2012 Race of Portugal
- Round 7 of 12 in the 2012 World Touring Car Championship at Autódromo Internacional do Algarve in Portimão, Portugal.
- Date: 3 June, 2012
- Location: Portimão, Portugal
- Course: Autódromo Internacional do Algarve 4.654 kilometres (2.892 mi)

Race One
- Laps: 11

Pole position
- Driver:  / Gabriele Tarquini / Lukoil Racing Team
- Time:  / 1:53.966

Podium
- First:  / Yvan Muller / Chevrolet
- Second:  / Gabriele Tarquini / Lukoil Racing Team
- Third:  / Rob Huff / Chevrolet

Fastest Lap
- Driver:  / Yvan Muller / Chevrolet
- Time:  / 1:54.541

Race Two
- Laps: 11

Podium
- First:  / Alain Menu / Chevrolet
- Second:  / Pepe Oriola / Tuenti Racing Team
- Third:  / Tom Coronel / ROAL Motorsport

Fastest Lap
- Driver:  / Alain Menu / Chevrolet
- Time:  / 1:56.018

= 2012 FIA WTCC Race of Portugal =

The 2012 FIA WTCC Race of Portugal was the seventh round of the 2012 World Touring Car Championship season and the sixth running of the FIA WTCC Race of Portugal. It was held on 3 June 2012 at the Autódromo Internacional do Algarve in Portimão, Portugal. The first race was won by Yvan Muller for Chevrolet and the second race was won by Alain Menu, also for Chevrolet.

==Background==
Coming into the event, Yvan Muller was the championship leader on 206 points ahead of Robert Huff on 198 and Menu on 175 points. Pepe Oriola was leading the Yokohama Independents' Trophy.
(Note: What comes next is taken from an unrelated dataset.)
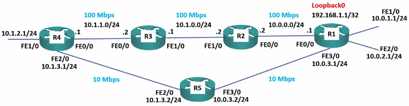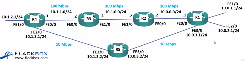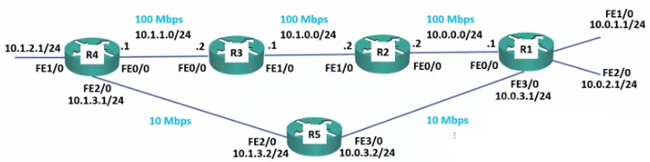 R1#show ip route 10.0.0.0/8 is variably subnetted, 12 subnets, 2 masks C 10.0.0.0/24 is directly connected, FastEthernet0/0 L 10.0.0.1/32 is directly connected, FastEthernet0/0 C 10.0.1.0/24 is directly connected, FastEthernet1/0 L 10.0.1.1/32 is directly connected, FastEthernet1/0 C 10.0.2.0/24 is directly connected, FastEthernet2/0 L 10.0.2.1/32 is directly connected, FastEthernet2/0 C 10.0.3.0/24 is directly connected, FastEthernet3/0 L 10.0.3.1/32 is directly connected, FastEthernet3/0 D 10.1.0.0/24 [90/30720] via 10.0.0.2, 00:20:01, FastEthernet0/0 D 10.1.1.0/24 [90/33280] via 10.0.0.2, 00:19:38, FastEthernet0/0 D 10.1.2.0/24 [90/35840] via 10.0.0.2, 00:19:38, FastEthernet0/0 D 10.1.3.0/24 [90/261120] via 10.0.3.2, 00:19:43, FastEthernet3/0 192.168.0.0/32 is subnetted, 5 subnets C 192.168.0.1 is directly connected, Loopback0 D 192.168.0.2 [90/156160] via 10.0.0.2, 00:00:40, FastEthernet0/0 D 192.168.0.3 [90/158720] via 10.0.0.2, 00:00:53, FastEthernet0/0 D 192.168.0.4 [90/161280] via 10.0.0.2, 00:01:07, FastEthernet0/0 D 192.168.0.5 [90/386560] via 10.0.3.2, 00:01:27, FastEthernet3/0
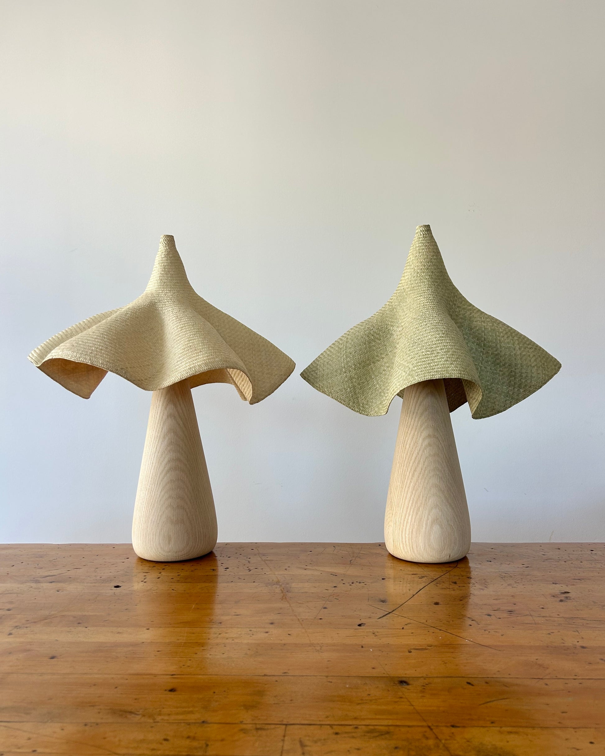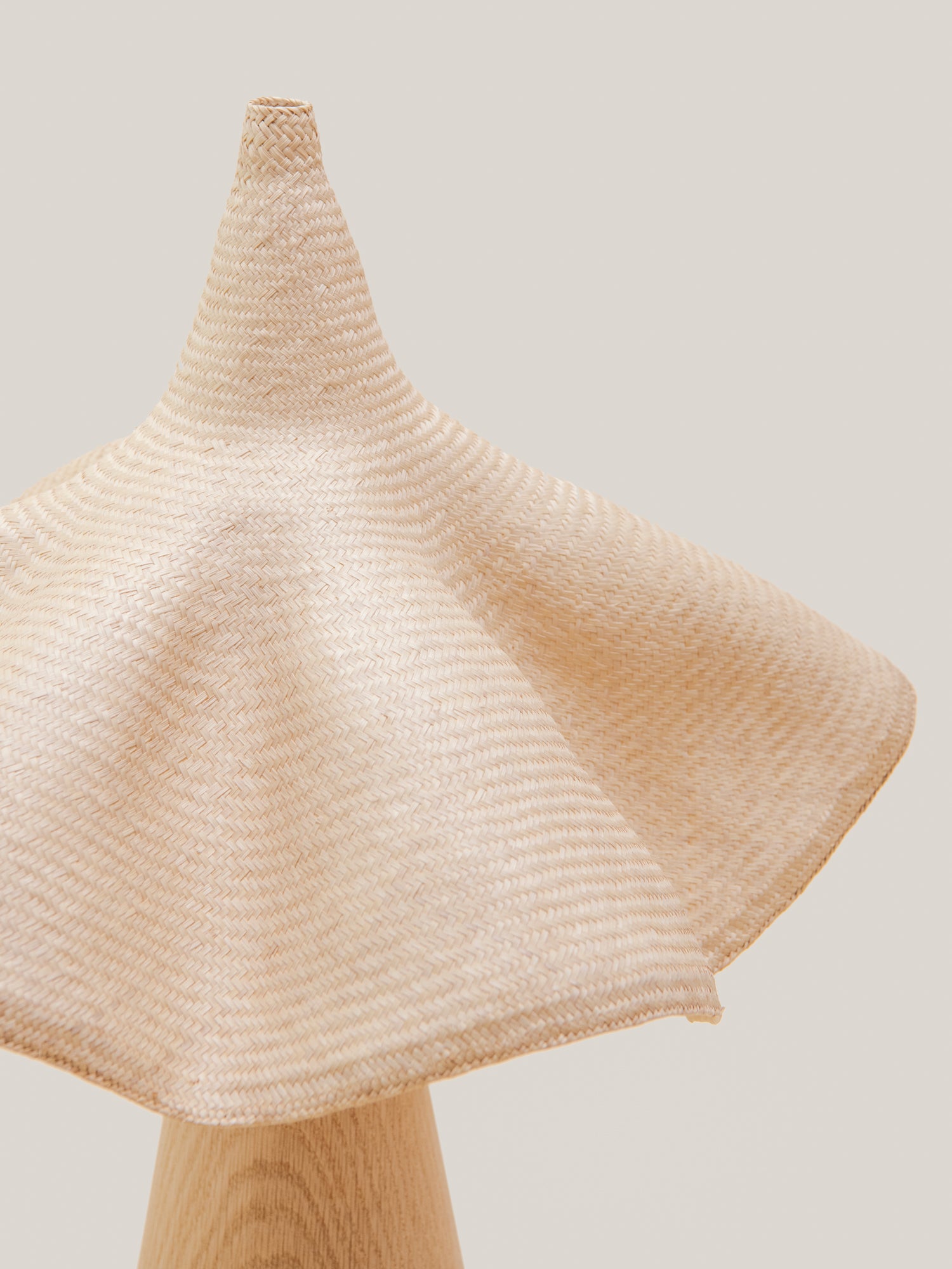 A stunning table lamp featuring a solid oak base with sculptural handwoven palm shade. The Posie lamp was inspired by the Angel's Trumpet flower, and emulates its flared undulating form.

James Thompson and TMS Sport made their last scheduled appearance of the season with the Lada Granta WTCC. Tom Boardman switched to the new SEAT turbocharged engine, having run the TDi engine since Spain.

For the Race of Portugal weekend, Menu would be playing the role of comic book character Michel Vaillant. His Chevrolet Cruze raced in special Vaillante colours and Menu himself wore a special race suit and dyed his hair to look like the French comic book racer.

==Report==

===Free Practice===
Lukoil Racing Team's Gabriele Tarquini set the pace in the first free practice session, nearly half a second ahead of the Chevrolet of Yvan Muller. Thompson put the TMS Sport Lada in 10th.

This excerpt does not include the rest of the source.